In Candle, each combination of a selector and an operation (e.g. a.highlighted
attr{href}
) is called a Finder
. Each Finder
is tested against each
HTML element and its operation is run if it matches:
// Lightly edited to remove some code that's not important here
impl<'a> Finder<'a> {
fn match_and_apply(&self, element: &ElementRef) -> Option<String> {
if self.selector.matches(element) {
match self.operation {
FinderOperation::Text => Some(...),
FinderOperation::Attr(attr) => {
// Some(value) or None, if the attr doesn't exist
},
FinderOperation::Html => Some(...)
}
} else {
None
}
}
}
If the selector matches and the operation returned something, it returns
Some(...)
. Otherwise, it return None
. Returning an Option
here makes it
easy to filter out empty results using filter_map
:
finders.iter().filter_map(|finder| finder.match_and_apply(&element)) {
filter_map
runs the closure, and if the closure returns Some(x)
, it uses x
(i.e. it auto-unwraps the value) and if it returns None
, filter_map
discards
the value entirely. So it turns Vec<Option<String>>
into Vec<String>
. This
pattern pops up pretty often and filter_map
is a neat solution.
The Read
trait and testing
The Read
trait allows for
reading bytes from a source. It requires one method, read
. Other methods are
defined in terms of Read
. (This is similar to how Rust’s Iterable
module
only requires a next
method but gives many other methods defined in terms of
next
.)
I had a method that read from io::stdin
, called read_from_stdin
that took
zero arguments. In order to test it, I changed it to instead take in anything
that implements Read
:
-fn read_from_stdin() -> Option<String> {
+fn read_from<R: Read>(mut reader: R) -> Option<String> {
Now instead of calling read_from_stdin
, I call read_from(io::stdin())
. The
real benefit comes from testing the method. I can now pass in a
Cursor
, which lets us
use slices or vectors as if they’re files. Here’s the full test:
#[test]
fn test_less_than_1024_bytes_of_html(){
let html = r#"
<!DOCTYPE html>
<meta charset="utf-8">
<title>Hello, world!</title>
<h1 class="foo">Hello, <i>world!</i></h1>
"#;
let result = read_from(Cursor::new(html));
assert_eq!(result, Some(html.to_string()));
}
(Here’s
the commit where I added Read
and Cursor
.)
Cursor
is a very helpful struct and I’ll definitely keep it in mind when
writing future tests.
Pipes and panic
In an early version of Candle, piping the output to anything that truncated the
output (like head
) would cause it to panic:
$ curl --silent daringfireball.net | candle 'html {html}' | head -1
<html class="daringfireball-net" lang="en">
thread 'main' panicked at 'failed printing to stdout: Broken pipe (os error 32)', src/libstd/io/stdio.rs:792:9
note: run with `RUST_BACKTRACE=1` environment variable to display a backtrace.

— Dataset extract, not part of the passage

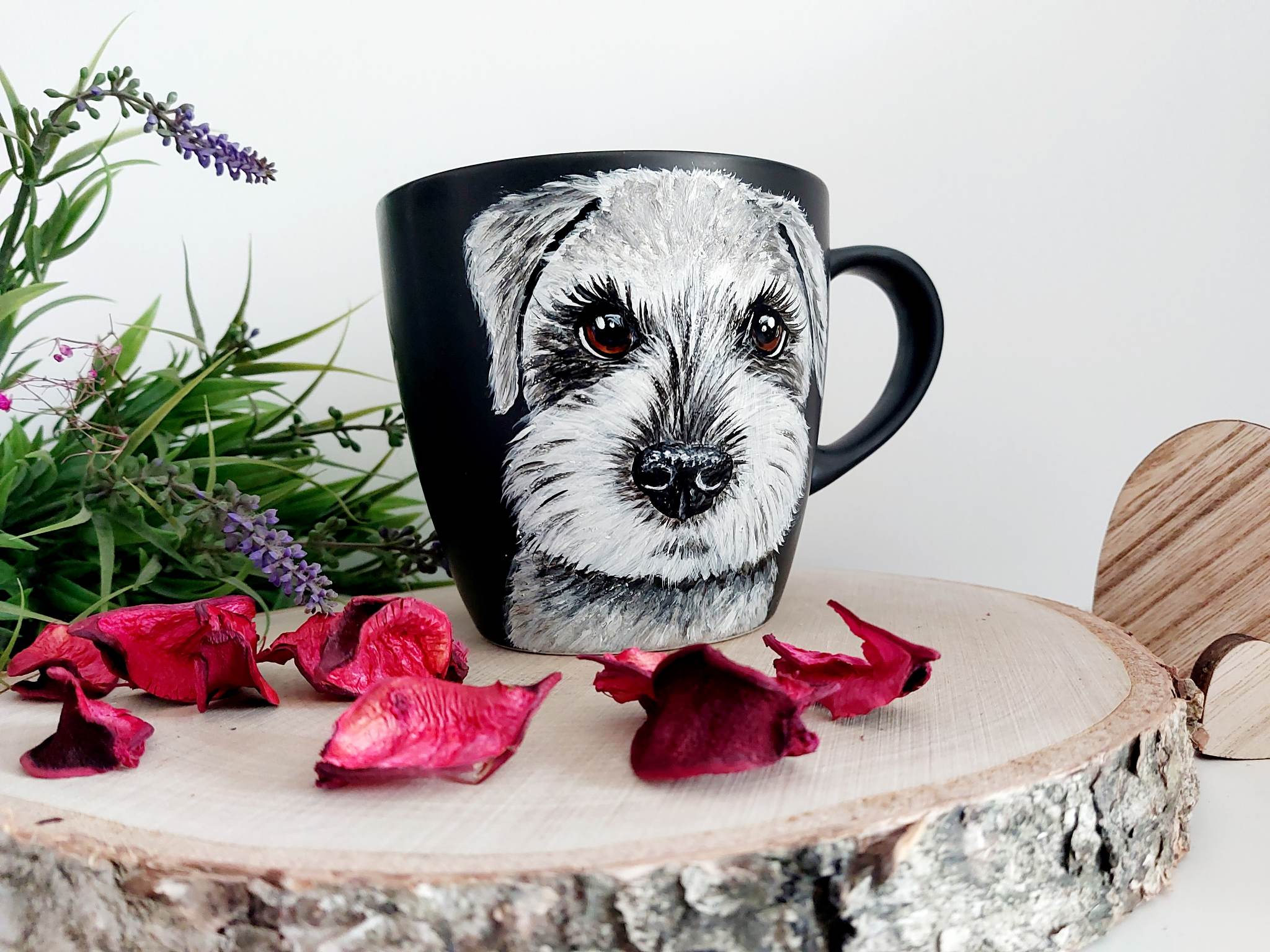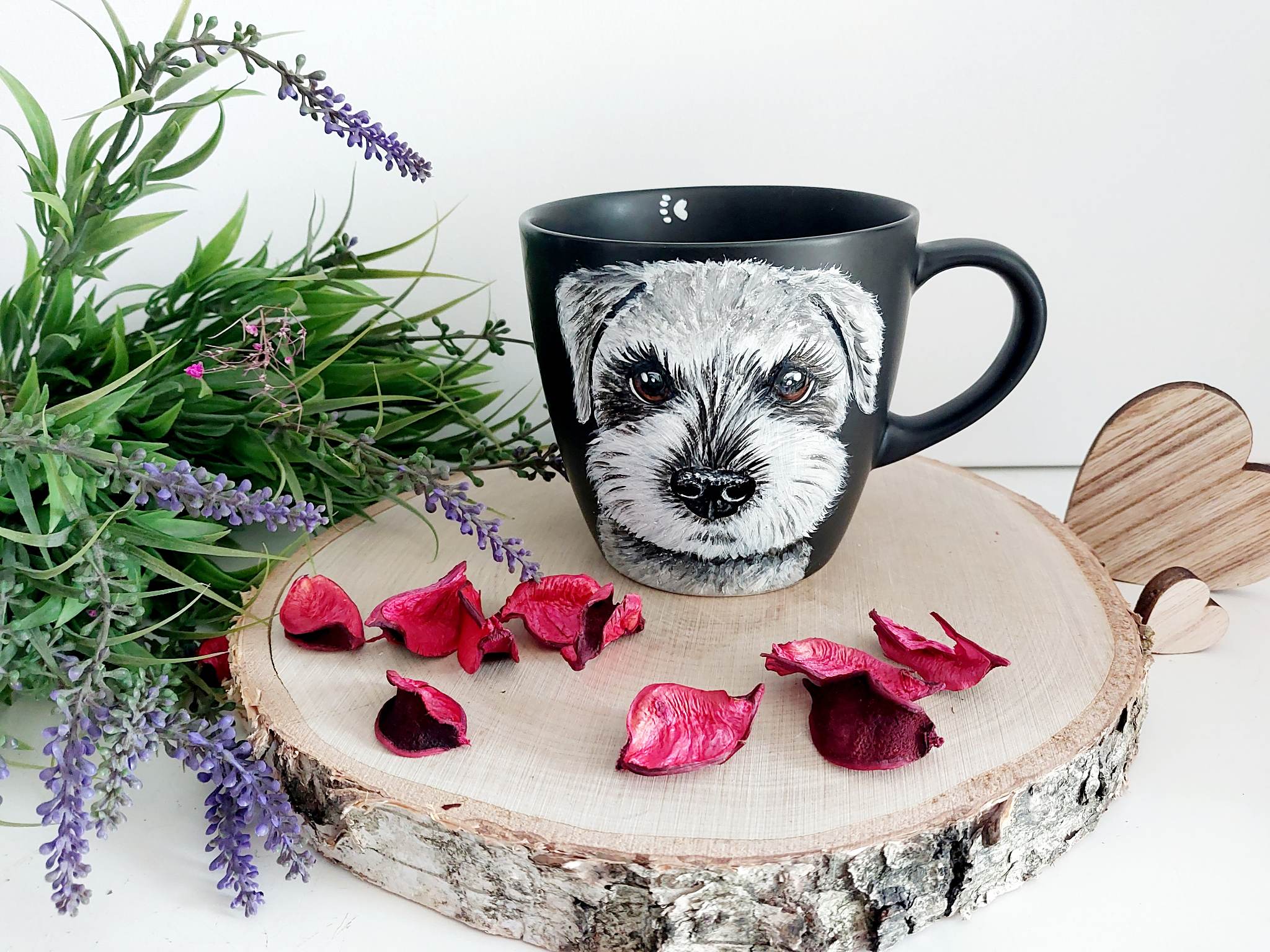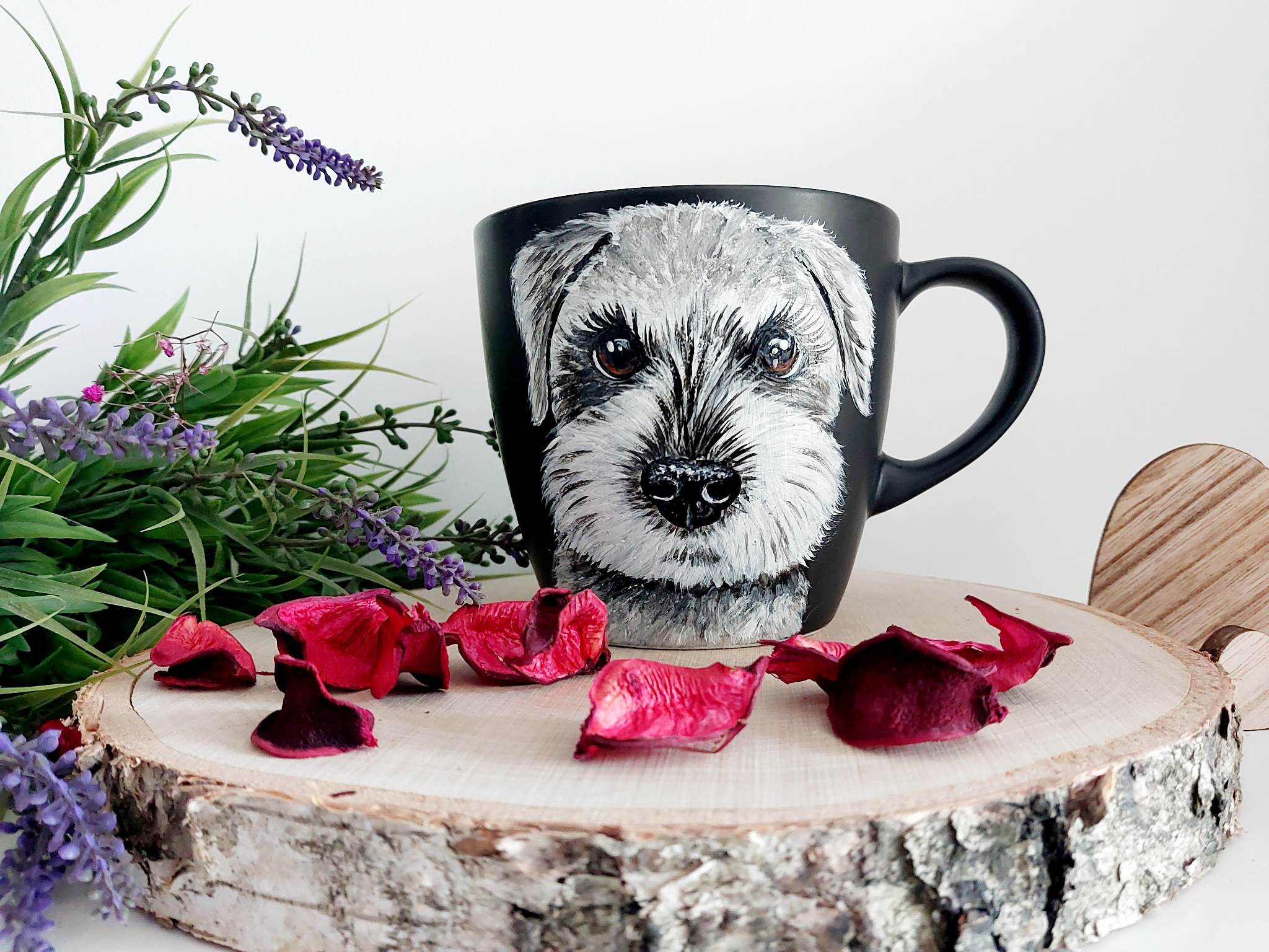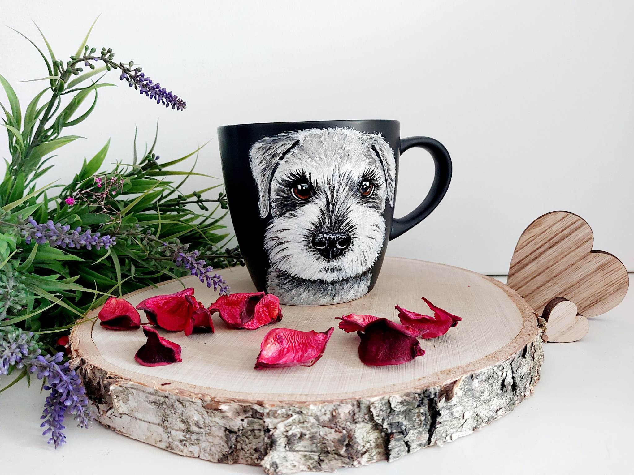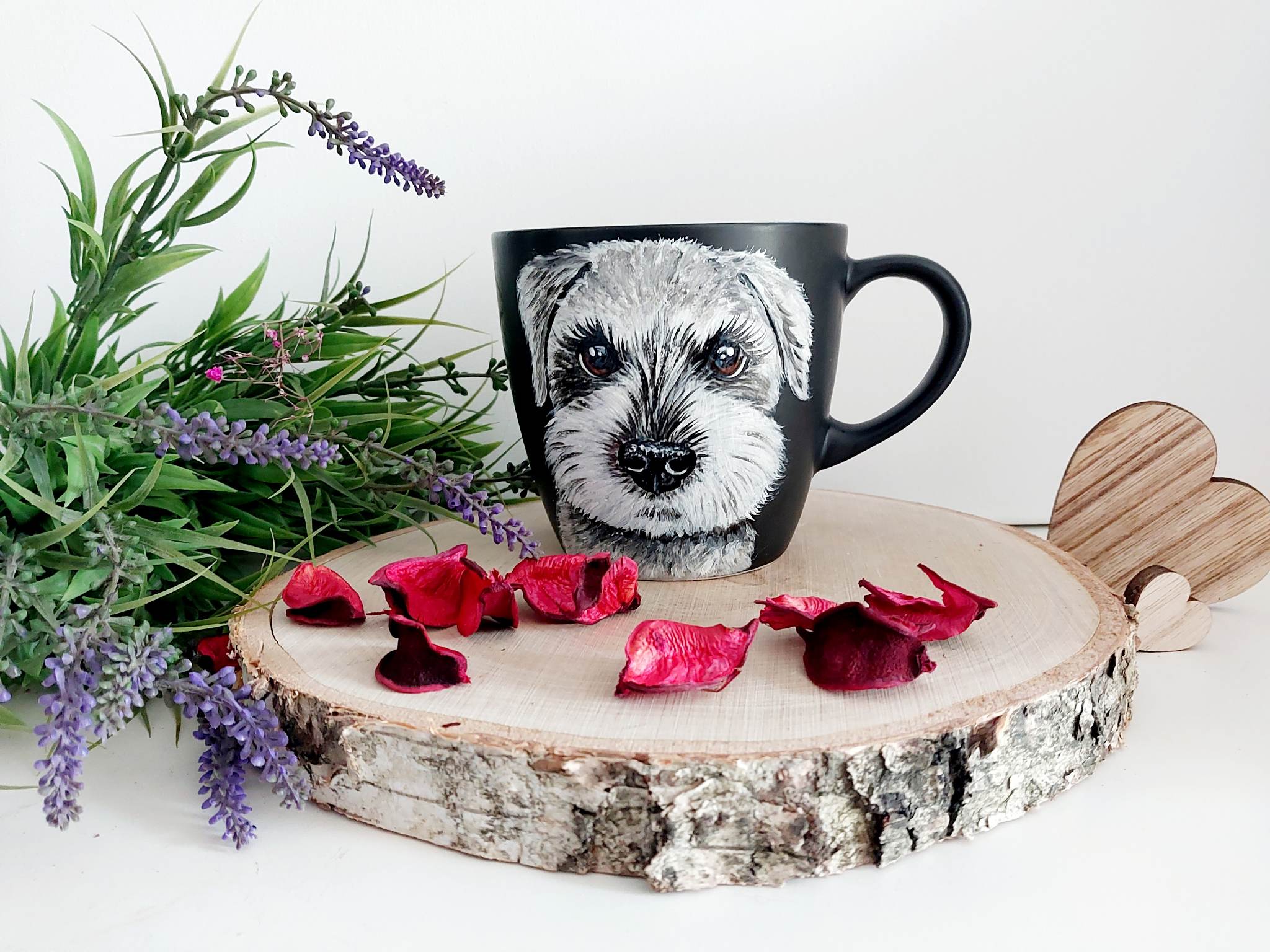 Wyjątkowy, ręcznie malowany kubek Sznaucer Miniaturowy.

This is a common problem with any Rust program that writes to the terminal in
Rust. There’s an open Rust issue about
it. As I understand it, when
enough output has been read, the kernel closes the pipe and sends a SIGPIPE
signal to the application that’s generating output (i.e. candle
) so it
gracefully dies. However, Rust ignores SIGPIPE, and keeps trying to generate
output, and then panics when it detects the now-broken pipe.
Specifically, the issue is this:
println!("{}", &string);
println!
panics when it runs into any errors. The fix is to use writeln!
,
which does not panic but instead returns std::io::Result<()>
. We can then
catch broken pipes:
let mut stdout = io::stdout();
if let Err(e) = writeln!(stdout, "{}", &string) {
if e.kind() != ErrorKind::BrokenPipe {
eprintln!("{}", e);
process::exit(1);
}
}
This new code does 2 things:
- It catches the
Err
and ignores it if it’s a broken pipe, and - If it’s a real error, it prints the error to STDERR and exits with an error code (but without printing a gross error message)
This is much better than println!
‘s panicky behavior.